Genesis had been flirting with the mainstream for years with the psych-pop singalong of “I Know What I Like (In Your Wardrobe),” the crystalline chorus of “The Carpet Crawlers” and the belted balladry of “Ripples.”
The prog rock masters made their first real commercial move, however, in March 1978: “Follow Follow Follow Me,” a supple, mid-tempo love song from their ninth album, … And Then There Were Three … , became Genesis’ first worldwide hit — a pivot point in their evolution, emphasizing groove over grandiosity.
Looking back, you’d think it was an obvious single — particularly on an album that elsewhere featured plenty of the band’s signature prog showmanship (“Down and Out”) and fantasy-themed mini-epics (“The Lady Lies”). Instead, it was kind of a fluke that “Follow You Follow Me” wound up a compact soft-rock classic.
The song is built around a hooky Mike Rutherford guitar riff, a repetitive figure that he palm-muted and bathed in a flange effect. Originally, he figured it would be a launching pad for a lengthy piece; once the others joined in — keyboardist Tony Banks with his velvety chords, Phil Collins with his yearning vocal melody and more soul-oriented drumming — they fell into a tighter arrangement with minimal effort.
It was a natural progression: Now a trio, following the recent exit of guitarist Steve Hackett, Genesis inevitably found more space in their music. Plus, having already written so many meandering, multi-part songs, they were already eager to scale back. “Follow You Follow Me,” Three…‘s easygoing closer, was the most dramatic example of this goal — particularly with Rutherford’s romantic lyric.
“I will follow you; will you follow me? / All the days and nights that we know will be,” Collins croons on the chorus. “I will stay with you; will you stay with me? / Just one single tear in each passing year.” (Remember: We’re only three years out from “Here Comes the Supernatural Anaesthetist.”)

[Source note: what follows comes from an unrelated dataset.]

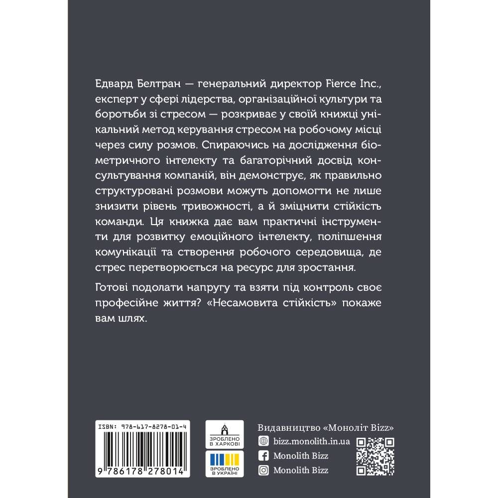 - Ця книжка надасть вам практичні інструменти для розвитку емоційного інтелекту, поліпшення комунікації та створення робочого середовища, де стрес перетворюється на ресурс для зростання.

Watch Genesis’ ‘Follow You Follow Me’ Video
“Easiest song to write lyrically in my life,” Rutherford noted during an interview on the album’s 2007 reissue DVD. “It took about 10 minutes. I sat down, and it just came out very easily. They’re not astounding words, but being simple and not being embarrassing is often quite hard. I thought, ‘It can’t be that easy. They’re so simple. I don’t know.’ We came from a much more complicated background of lyric writing, and I thought, ‘I can’t just do that, can I?’ But it’s an interesting song because it’s a simple song and the way Phil sang it kept a certain simplicity and mood.”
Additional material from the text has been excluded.